▶ Dataset records:
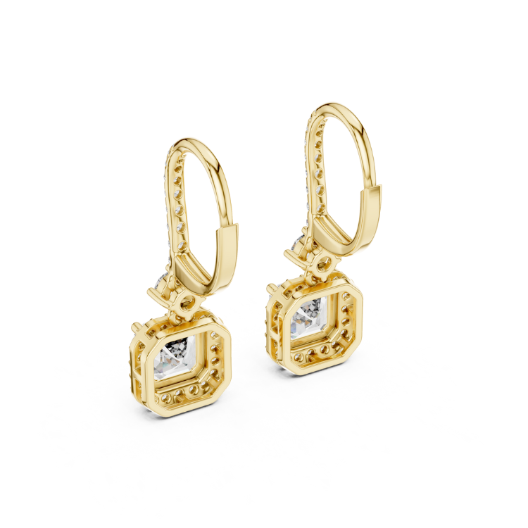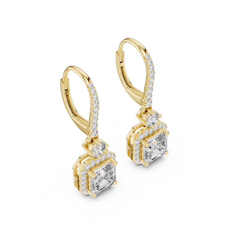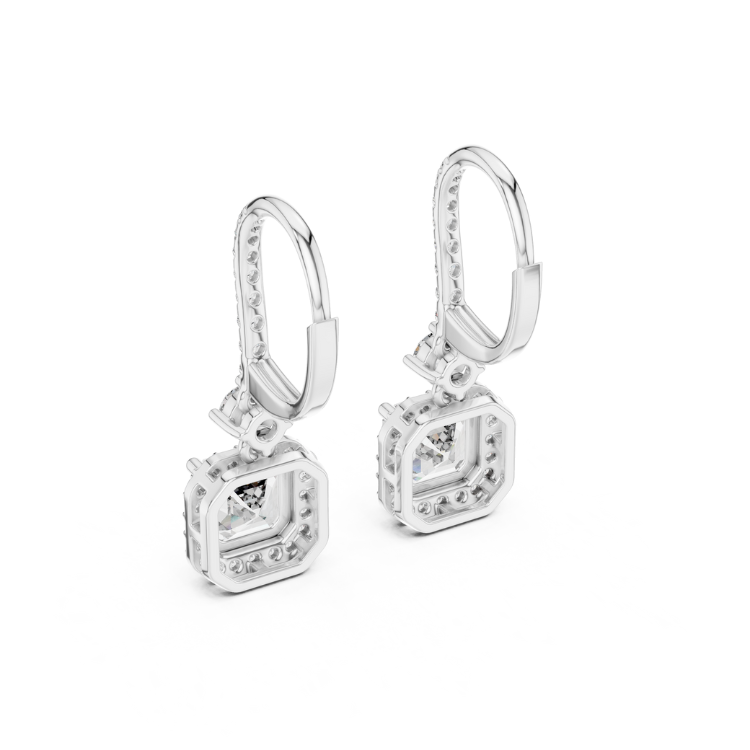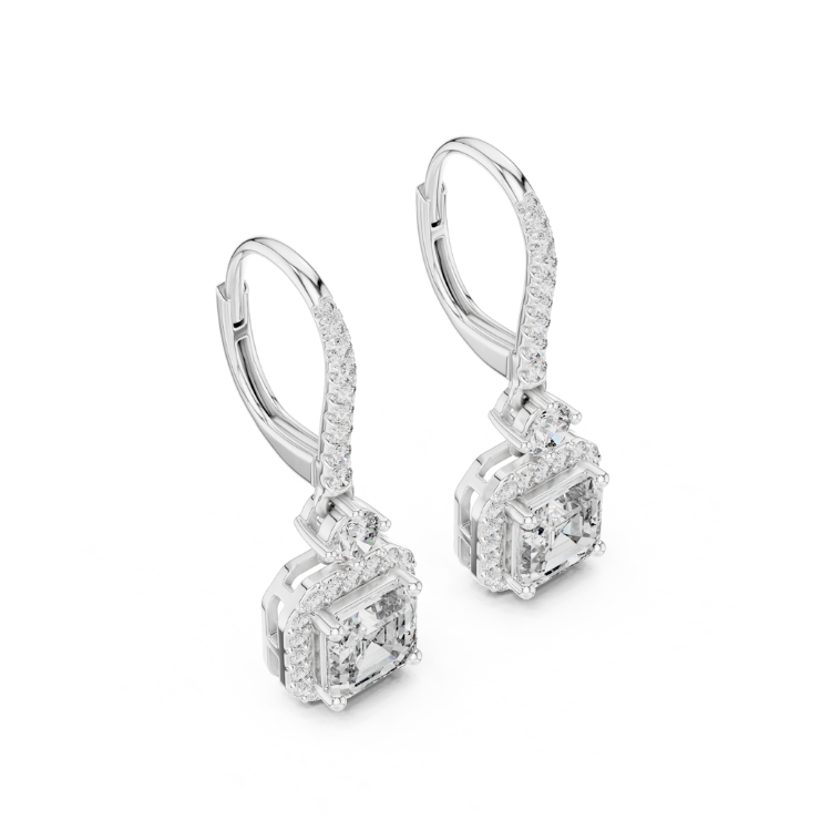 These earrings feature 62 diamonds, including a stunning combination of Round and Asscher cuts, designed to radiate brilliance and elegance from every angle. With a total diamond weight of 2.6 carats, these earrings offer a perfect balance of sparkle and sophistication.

* * *

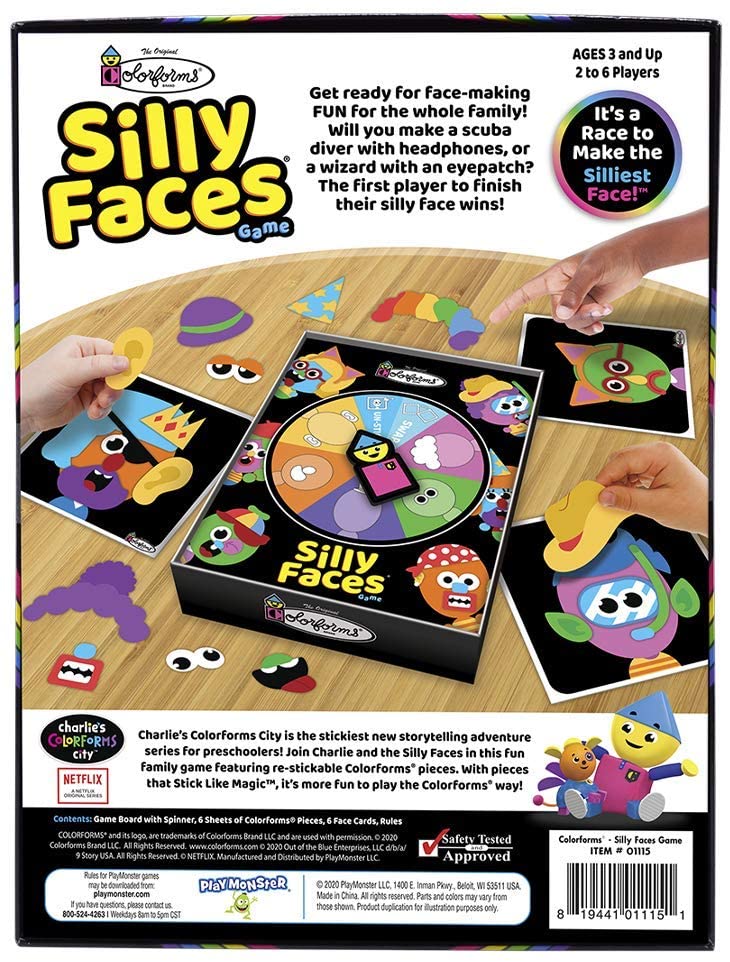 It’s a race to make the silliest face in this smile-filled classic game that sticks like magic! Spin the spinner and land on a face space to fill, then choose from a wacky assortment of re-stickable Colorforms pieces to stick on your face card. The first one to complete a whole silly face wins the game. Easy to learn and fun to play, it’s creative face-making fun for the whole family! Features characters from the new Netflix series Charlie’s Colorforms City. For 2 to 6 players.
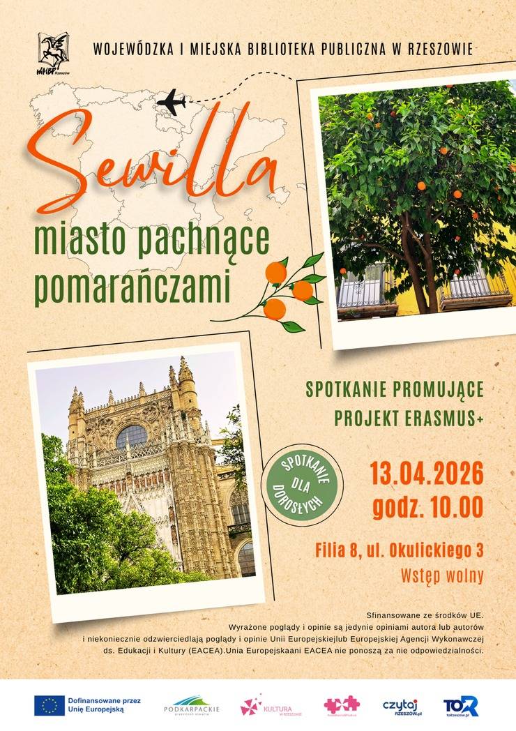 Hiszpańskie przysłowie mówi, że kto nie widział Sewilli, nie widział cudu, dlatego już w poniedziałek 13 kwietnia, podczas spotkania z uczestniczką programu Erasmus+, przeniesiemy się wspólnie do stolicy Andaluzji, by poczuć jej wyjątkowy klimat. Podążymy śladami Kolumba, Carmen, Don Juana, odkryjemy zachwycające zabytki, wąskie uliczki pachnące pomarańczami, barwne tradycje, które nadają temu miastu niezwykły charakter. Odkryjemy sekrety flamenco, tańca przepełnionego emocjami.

---

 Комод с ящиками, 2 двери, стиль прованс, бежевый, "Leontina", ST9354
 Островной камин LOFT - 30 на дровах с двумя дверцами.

▶ Task details: Extract from the material above the stretch running from the line containing "It’s a race" through the line containing "Hiszpańskie przysłowie mówi, że". Keep the text exact and the pictures out.

▶ Your response:
 It’s a race to make the silliest face in this smile-filled classic game that sticks like magic! Spin the spinner and land on a face space to fill, then choose from a wacky assortment of re-stickable Colorforms pieces to stick on your face card. The first one to complete a whole silly face wins the game. Easy to learn and fun to play, it’s creative face-making fun for the whole family! Features characters from the new Netflix series Charlie’s Colorforms City. For 2 to 6 players.
 Hiszpańskie przysłowie mówi, że kto nie widział Sewilli, nie widział cudu, dlatego już w poniedziałek 13 kwietnia, podczas spotkania z uczestniczką programu Erasmus+, przeniesiemy się wspólnie do stolicy Andaluzji, by poczuć jej wyjątkowy klimat. Podążymy śladami Kolumba, Carmen, Don Juana, odkryjemy zachwycające zabytki, wąskie uliczki pachnące pomarańczami, barwne tradycje, które nadają temu miastu niezwykły charakter. Odkryjemy sekrety flamenco, tańca przepełnionego emocjami.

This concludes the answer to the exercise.